Db2 HADR database pair both assume primary role

This topic will show you how to identify and resolve a case where both databases in an HADR pair assume the primary HADR database role due to compounding issues.

Important: In Db2® 11.5.8 and later, Mutual Failover high availability is supported when using Pacemaker as the integrated cluster manager. In Db2 11.5.6 and later, the Pacemaker cluster manager for automated fail-over to HADR standby databases is packaged and installed with Db2. In Db2 11.5.5, Pacemaker is included and available for production environments. In Db2 11.5.4, Pacemaker is included as a technology preview only, for development, test, and proof-of-concept environments.

Identification of the problem

Confirm both databases have "HADR database role" set to PRIMARY. Run db2 get db cfg for | grep "HADR database role" on each host as the instance user.

[rohant@svlxtorcpacemaker]# db2 get db cfg for gtdb| grep "HADR database role"
HADR database role = PRIMARY

[rohant@svlxtordpacemaker]# db2 get db cfg for gtdb| grep "HADR database role"
HADR database role = PRIMARY

Additionally, running crm status as root will show the database on one host in the failed state.

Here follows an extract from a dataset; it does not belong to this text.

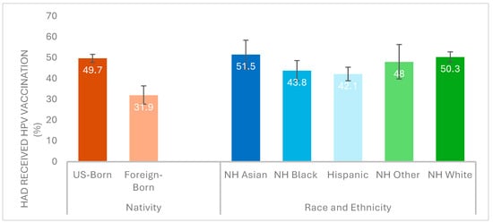 In addition to racial/ethnic disparities [26], there are known inequalities in access to preventive care services between U.S.- and foreign-born individuals [27]. Foreign-born people account for 14.4% of the US population and are the fastest growing population in the US [28]. There were over 47.8 million foreign-born individuals in the US in 2023 compared to 9.6 million in 1970 [28]. Priors studies have indicated that HPV infection is prevalent among foreign-born individuals in the US [29], and they often present with late-stage HPV-related cancers at diagnosis [30], primarily due to lack of HPV prevention knowledge and access, including HPV vaccination. Nonetheless, nativity-related HPV vaccination disparities are often masked in analyses grouping U.S. and foreign-born individuals of a given race/ethnicity within a homogenous racial/ethnic category [31]. This may hinder the determination of subgroups needing additional interventions and the development and implementation of strategic and effective interventions to reduce HPV vaccination disparities. Thus, the current study examined HPV vaccination rates among adults aged 18–26 years by race and ethnicity disaggregated by nativity status to identify subgroups that may be targeted for aggressive HPV vaccination interventions to reduce HPV-related diseases disparities.

[root@svlxtorcpacemaker]# crm status
...
Clone Set: db2_rohant_rohant_GTDB-clone [db2_ rohant_rohant_GTDB] (promotable)
    db2_rohant_rohant_GTDB (ocf::heartbeat:db2hadr): FAILED
    Masters: [ svltord ]

The above output from crm status could be a transient state. Run the command a couple of times to confirm that the failure is persistent.

Resolution

Search for the promotion of the standby database in the pacemaker.log or db2diag.log.

Example: pacemaker.log

Jun 19 14:10:52 svltordpacemaker-controld[1765] (abort_transition_graph) notice: Transition 8608 aborted by nodes-1-db2hadr-rohant_rohant_GTDB_reint doing modify db2hadr-rohant_rohant_GTDB_reint=1: Configuration change | cib=18.14477.0 source=te_update_diff_v2:465 path=/
db2hadr(db2_rohant_rohant_GTDB)[31427]: 2020/06/19_14:10:52 INFO: promote: 959: svtdbm: 0: CORAL: Debug data: "DB20000I The TAKEOVER HADR ON DATABASE command completed successfully.". db2hadr_promote() exit with rc=0.

Example: db2diag.log

2020-06-19-14.10.50.093150-420 I133204209A456 LEVEL: Info
PID : 16226 TID : 4395462813968 PROC : db2sysc 0
INSTANCE: rohant NODE : 000 DB : GTDB
HOSTNAME: svltord
EDUID : 80 EDUNAME: db2hadrs.0.0 (CORAL) 0
FUNCTION: DB2 UDB, High Availability Disaster Recovery, hdrStbyTkHandleInitialRequest, probe:46000
MESSAGE : Standby has initiated a takeover by force peer window only.....

2020-06-19-14.10.52.593838-420 I133268013A437 LEVEL: Info
PID : 16226 TID : 4395462813968 PROC : db2sysc 0
INSTANCE: rohantNODE : 000 DB : GTDB
HOSTNAME: svltord
EDUID : 80 EDUNAME: db2hadrp.0.1 (CORAL) 0
FUNCTION: DB2 UDB, High Availability Disaster Recovery, hdrStbyTkHandleDoneDrain, probe:46840
MESSAGE : Standby has completed takeover (now primary).

As shown in the examples above, svltord was promoted to become the primary, meaning the other host svlxtorc should be reintegrated as standby.

Reintegrate the database as standby on the host that was not promoted to primary by running db2 start hadr on db <dbname> as standby.

Run db2support to collect Db2 and Pacemaker diagnostics for analysis of original conditions leading to a double primary state.